In inference scenarios (such as real-time speech recognition and video analysis), high bandwidth, low-latency network connectivity, and a flexible network architecture are crucial for supporting the expansion and management of edge nodes. However, the expansion of thousand-card clusters and the deployment of edge nodes significantly increase costs, putting pressure on corporate operations. Therefore, the infrastructure design must fully consider scalability.
The enterprise needed to build a high-performance network at the optimal cost from the initial stage to meet computing needs while effectively controlling operating expenses.
To meet the demands of these high-requirement scenarios and solve the problems associated with traditional InfiniBand (IB) solutions—high procurement costs, long supply cycles, and high service costs—the intelligent computing center selected RoCE (RDMA over Converged Ethernet) network technology. RoCE is based on the Ethernet architecture and integrates RDMA technology, providing high-bandwidth and low-latency data transmission capabilities with low CPU overhead. Its performance is close to that of IB solution, matching the cluster evolution needs from thousand-card to ten-thousand-card scale. The intelligent computing center built a 400G training network, which supports a maximum cluster size of 2,048 GPU cards, laying the technical foundation for future business development.
Furthermore, RoCE equipment has lower costs and shorter supply cycles and can seamlessly integrate with existing network equipment, significantly reducing deployment costs (hardware cost reduced by 40-50%). Its smooth upgrade capability supports seamless expansion from 200G to 400G while maintaining system stability and efficiency.

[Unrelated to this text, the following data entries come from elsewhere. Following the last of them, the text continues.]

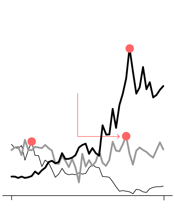 Most and least percent difference between peaks and lows
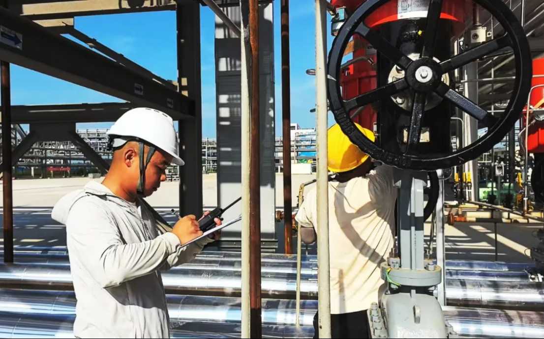 阳光炙烤下,他的皮肤愈发黑亮,对讲机里传出的声音也有些沙哑。他却不以为意,还打趣道:“现在是冲刺投运的关键时期,我的皮肤每多黑一分,罐区离投产就更近了一步!”
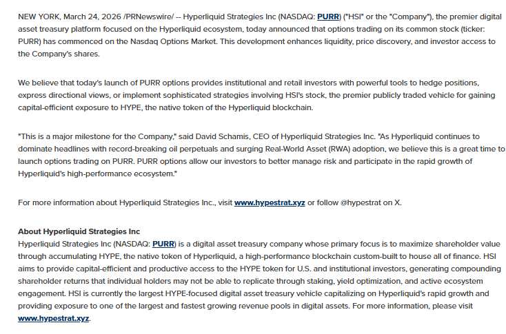 Hyperliquid Strategies Inc has introduced options trading for its common stock PURR on the Nasdaq Options Market, aiming to enhance liquidity and improve price discovery. The company said the addition of options gives investors greater flexibility to manage risk while maintaining exposure to its token-focused treasury model.
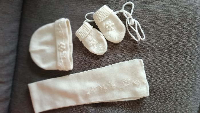 Ensemble bonnet, écharpe et moufle. Neuf sans étiquette. Crème. Écrit taille unique et le bonnet fait 15.5 cm de diamètre #bonnet_severinedubois40990
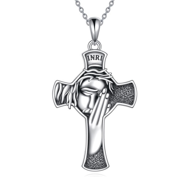 YFN Prayer Necklace Sterling Silver Jesus Pray For Us Pendant Necklace Religious Jewelry For Women Men Christian Gifts For Mom Daughter
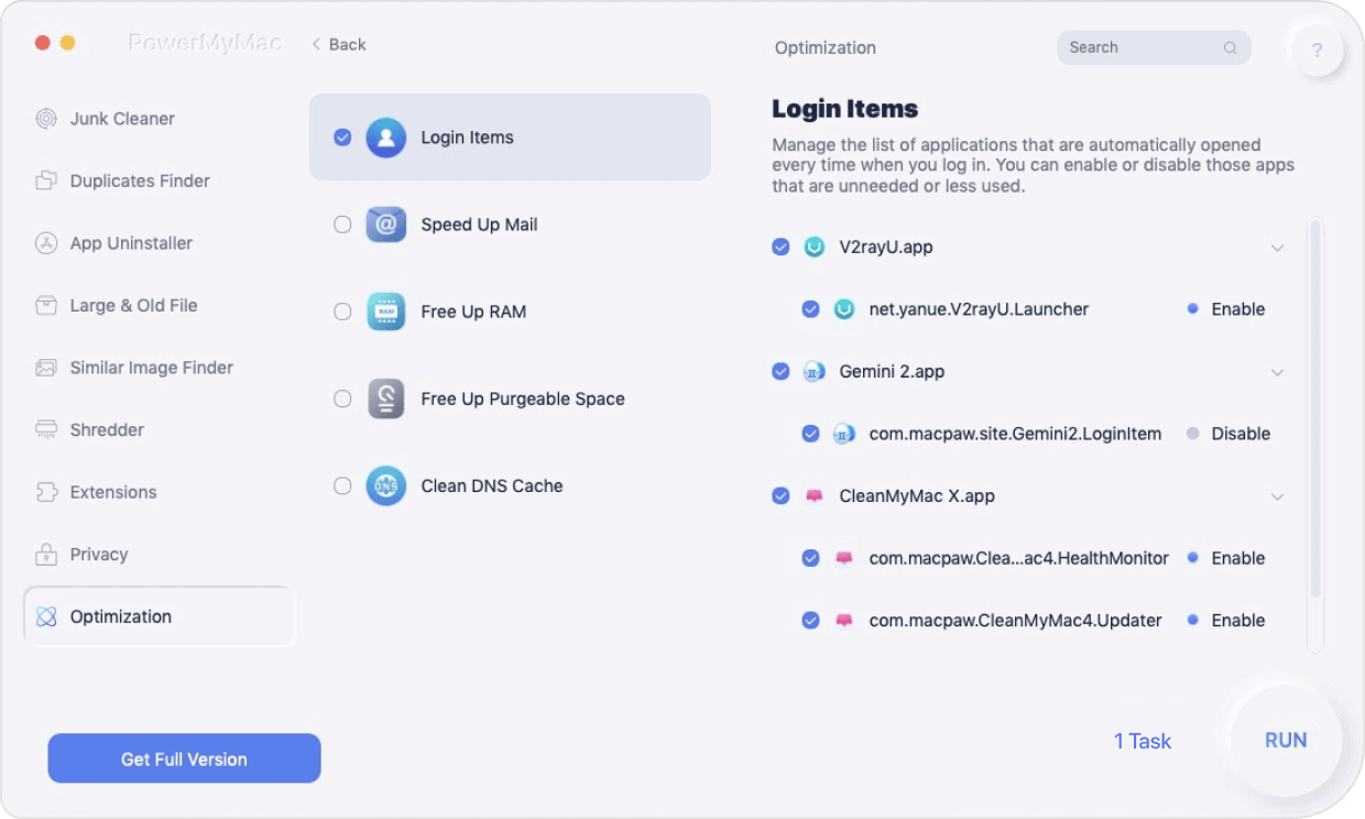 Кроме того, вы также можете использовать функцию этого инструмента, которая удаляет элементы входа в систему из mshelper. Сквозь «Оптимизация» PowerMyMac, вы можете управлять тем, что происходит на Mac, что может повысить производительность. Чтобы ускорить работу вашего Mac, вы можете использовать следующие пять функций этого приложения: Освобождение очищаемого пространства, Освобождение ОЗУ, Ускорение почты, Элементы входа и очистка кэша DNS.
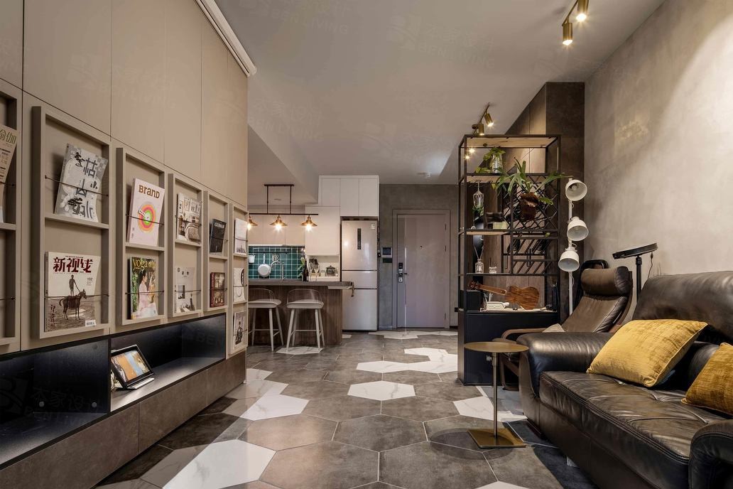 公共空间整体风格采用工业风,为黑白灰为主色调,辅以暖黄色木质元素,为空间增添温馨感,屋内的每一个单品都很温暖,体现出业主对生活的热爱。地砖采用灰色系大理石六角形地砖,灵动活泼,同时六边形的造型打破了空间进深过长的弊端,拉伸视觉。
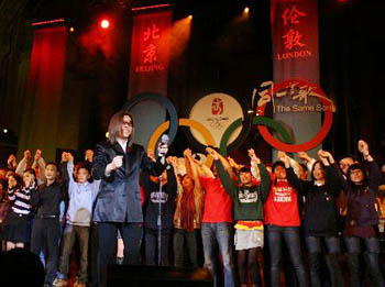 因为奥运,北京和伦敦有了共同的语言。2月12日晚,英国伦敦著名的威斯敏斯特中央大厅上演了一场以“放歌奥运”为主题的中国中央电视台“同一首歌”暨中英妇女文化周歌舞晚会。约1400名中英观众在欢庆中国新春佳节的同时,还为即将举行的北京奥运会和4年后的伦敦奥运会放歌起舞。
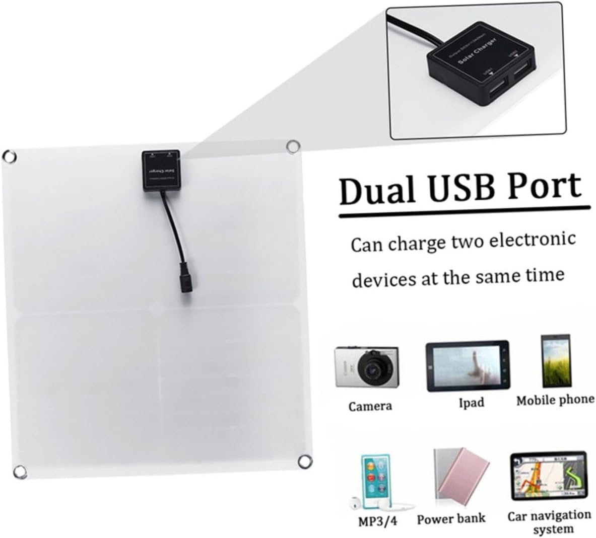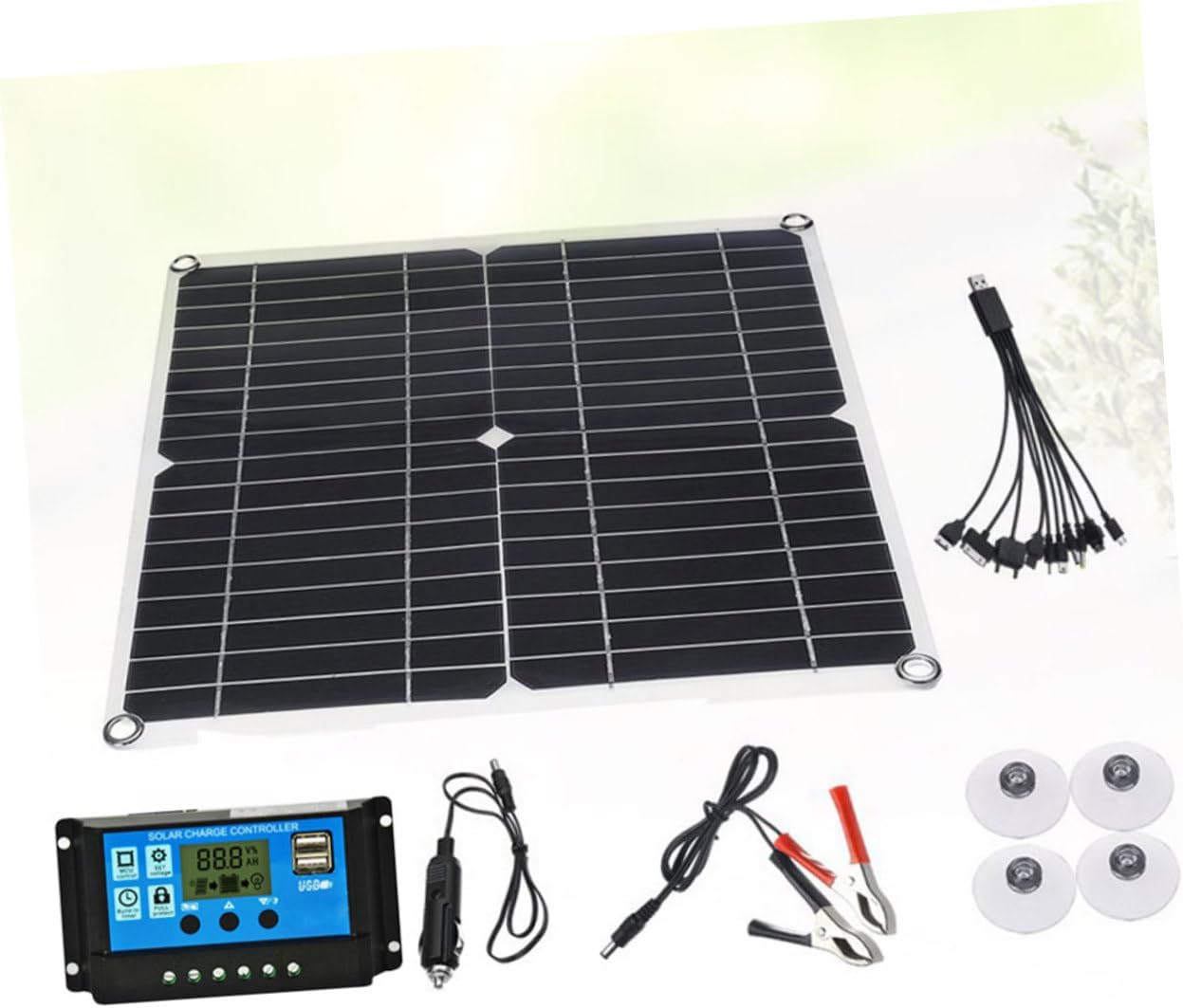 Package List 1 panel 2 x carabiner 4 x suction cups 1 x alligator clip power cord 1 x cigarette lighter cord Features - Work voltage: 18V car battery solar charger - USB output: 5V 2000mA / 1200mA outdoor solar charger - Maximal power: 20W solar charger panel - Efficiency: 21% solar charger - Junction box: 1xDC, 2 - Size: About 36x33x0.25cm/14.17x12.99x0.09inch. -Product Info:Solar panels - Output DC5.5x2.1 output: 12V 1 00 0ma - Material: EVA, PET. - Color: Black. - Specially for charging 12V battery and 5V equipment. Good material for use solar cell panel with controller. - Equipped with 12V and 5V USB output interface. Light weight , easy to carry. - EVA on the front panel is flexible, light but durable. A nice gift for camping lovers. - Mono-crystalline solar cell, the efficiency is as 21%. Essential tool to protect your safety. - With 4 holes and 2 free make it easier to install. IP65 waterproof rating, suitable for outdoor use under light rain.Goods Descriptionsolar cell panel with controller Are you looking for a professional, yet solar panel with controller? Are you in search of a sturdy, trustworthy tool that can do multiple jobs at once? , ! Our professional solar panel with controller must meet you needs.car battery solar charger It is one of the for you

Intelligent Computing Network Architecture
Supporting Efficient Expansion of Thousand-Card Clusters
In the network architecture design, the Spine layer deployed 16 H3C S9825-64D switches, each equipped with 64 x 400G downlink ports, connected to 32 Leaf devices through a fully interconnected topology, building a high-bandwidth, low-latency 400G backbone interconnection network. The Leaf layer deployed 32 switches of the same model, each configured with 32 x 400G uplink ports interconnected with the Spine layer, and providing 32 x 400G downlink ports to connect to GPU servers, ensuring efficient communication between compute nodes and the network.
This network architecture offers significant technical advantages:
High-Performance: The application of 400G RoCE technology significantly increases network bandwidth and reduces data transmission latency, providing faster parameter synchronization speed for AI training tasks.
Non-Blocking: The 1:1 non-convergent architecture design ensures non-blocking network transmission, avoiding performance bottlenecks.
Flexible Expansion: The modular design supports flexible expansion. It can be gradually scaled from the existing 1,024 GPU cards to a scale of 2,048 GPU cards based on business needs, and the expansion process does not require replacing existing equipment, achieving truly smooth capacity expansion.
Future Potential: The architecture has immense scaling potential and can be expanded to a scale of over ten thousand cards in the future, based on business requirements.
By deploying the 400G RoCE network, this intelligent computing center has successfully built a future-proof, high-performance computing network platform. It meets the stringent requirements for high bandwidth and low latency in current large-scale AI training scenarios while leaving ample room for future business growth, ensuring the long-term sustainability of the network architecture in terms of performance and cost.
RoCE Network
Multi-Tenant Business Isolation and Efficient Operations
In the computing leasing market, intelligent computing centers face the dual challenge of multi-tenant isolation and cost-effective services. While traditional public cloud services are convenient, their standardized package configurations primarily offer generic services, making it difficult to meet customers' needs for personalized, high-performance computing power. To break this predicament, this intelligent computing center chose an innovative path: a multi-tenant solution based on RoCE network technology.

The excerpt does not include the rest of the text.